La Corte, in composizione monocratica, sentiti i fatti, trattiene in decisione.
Compare in sostituzione dell'avv. Difensore_3 l'avv. Nominativo_1.
SVOLGIMENTO DEL PROCESSO
Con ricorso notificato, a mezzo pec, al Consorzio di Bonifica Arneo il 18.06.2024 ed all'Agenzia delle Entrate-
Riscossione il 18.06.2024 ed inviato a questa Corte di Giustizia di I° grado il 16.07.2024 il Signor Ricorrente_1 (C.F. CF_Ricorrente_1), rappresentato e difeso avv. Difensore_1, presso lo studio del quale -in Latiano, alla Indirizzo_1- eleggeva domicilio- impugnava la cartella di pagamento n. 024 2024 0010 486963 000 notificata il 19.04.2024 mediante la quale ingiungeva la corresponsione della somma pari ad Euro 372,00 per contributo di bonifica e miglioramento fondiario, per l'anno 2023, (beneficio difesa idraulica T 2023, cod. trib. 0630, -ruolo n. 2024/000430, reso esecutivo in data 20.02.2024, consegnato il 10.03.2024 Ruolo Ordinario-).

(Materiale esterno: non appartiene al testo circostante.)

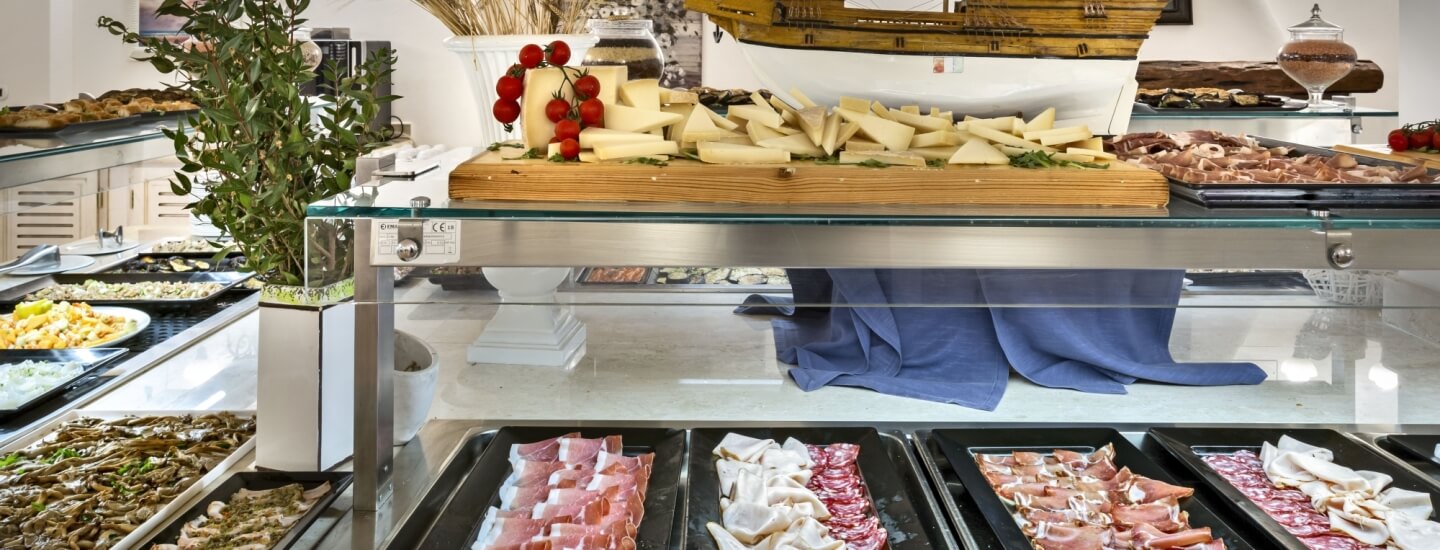 Concediti un sontuoso buffet che include antipasti, una varietà di insalate, pizza e un'area di show cooking che offre piatti di pasta e zuppe, insieme a secondi di carne, pesce, grigliate e verdure. Non perdere l'angolo dei dessert e la selezione di frutta fresca.

Il ricorrente eccepiva i seguenti motivi:
1) Omessa notifica dell'avviso di pagamento emesso dal consorzio di bonifica dell'arneo – nullità della cartella di pagamento;
2) illegittimità del tributo opposto per inesistenza di un beneficio diretto ed immediato per gli immobili del ricorrente;
3) illegittimità delle ingiunzioni di pagamento opposti per insufficiente motivazione – infondatezza del tributo di bonifica;
4) illegittimità del piano di riparto e di contribuenza degli immobili e dei terreni per il riparto degli oneri di bonifica e di irrogazione de quo per mancata elaborazione del piano generale di bonifica;
Presentava perizia di parte a firma dell'ing. Nominativo_2 e del Geologo Nominativo_4
Dopo aver argomentato opportunamente su ogni punto concludeva chiedendo accogliere il ricorso presentato e :
- dichiarare la nullità e/o illegittimità della cartella di pagamento impugnata;
- dichiarare la nullità, illegittimità del piano di riparto.
Con vittoria di spese competenze ed onorari di giudizio.

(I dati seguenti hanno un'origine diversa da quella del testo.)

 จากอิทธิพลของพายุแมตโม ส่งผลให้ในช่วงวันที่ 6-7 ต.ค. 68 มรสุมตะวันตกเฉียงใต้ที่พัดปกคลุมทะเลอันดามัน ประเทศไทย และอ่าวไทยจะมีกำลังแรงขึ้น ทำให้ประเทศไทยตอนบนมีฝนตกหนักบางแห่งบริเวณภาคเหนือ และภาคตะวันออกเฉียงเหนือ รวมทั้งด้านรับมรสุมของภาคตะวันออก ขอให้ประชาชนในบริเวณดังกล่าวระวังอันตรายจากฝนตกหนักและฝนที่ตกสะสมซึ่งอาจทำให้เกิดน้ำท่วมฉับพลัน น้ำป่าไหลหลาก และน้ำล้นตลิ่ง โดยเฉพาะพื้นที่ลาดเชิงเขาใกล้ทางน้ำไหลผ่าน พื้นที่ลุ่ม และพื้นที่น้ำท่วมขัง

L'Agenzia delle Entrate- Riscossione (ADER)si costituiva in giudizio, tramite l'avv. Nominativo_3, in data 05.09.2024, impugnando e contestando quando dedotto dalla ricorrente nel proprio ricorso, in ogni sua parte perché destituito di fondamento in fatto e diritto.

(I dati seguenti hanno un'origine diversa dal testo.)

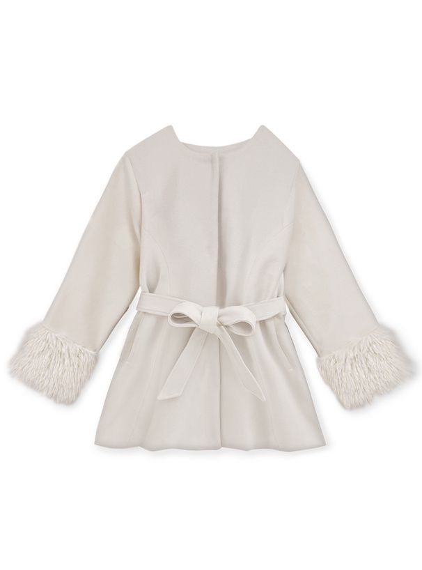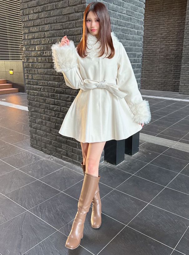 日本 GRL - 華麗毛絨傘型優美大衣外套(毛領可拆)-象牙米

Concludeva chiedendo: - dichiarare la carenza di legittimazione passiva della ADER in merito ai motivi che attengono a profili sostanziali per i quali ADER, concessionario, non è legittimato passivo;
- rigettare il ricorso proposto.
Il Consorzio di Bonifica Centro Sud Puglia si costituiva in data 21.11.2024 tramite l'avv. Difensore_3 impugnando e contestando quando dedotto dal ricorrente nel proprio ricorso, in ogni sua parte perché destituito di fondamento in fatto e diritto.
Concludeva chiedendo di rigettare il ricorso, perché infondato in fatto ed in diritto.
Con vittoria di spese ed onorari.
MOTIVI DELLA DECISIONE
La doglianza del ricorrente di cui al primo punto non merita essere accolta.
Quando la cartella esattoriale emessa per la riscossione dei contributi di bonifica sia motivata con riferimento ad un “piano di classifica” approvato dalla competente autorità regionale, la contestazione di tale piano da parte di un consorziato, in sede di impugnazione della cartella, impedisce di ritenere assolto da parte del
Consorzio il proprio onere probatorio, ed il giudice di merito deve procedere, secondo la normale ripartizione dell'onere della prova, all'accertamento dell'esistenza di vantaggi fondiari immediati e diretti derivanti dalle opere di bonifica per gli immobili di proprietà del consorziato stesso situati all'interno del perimetro di contribuenza (Corte di Cassazione sentenza n. 11471 depositata l' 8 aprile 2022 )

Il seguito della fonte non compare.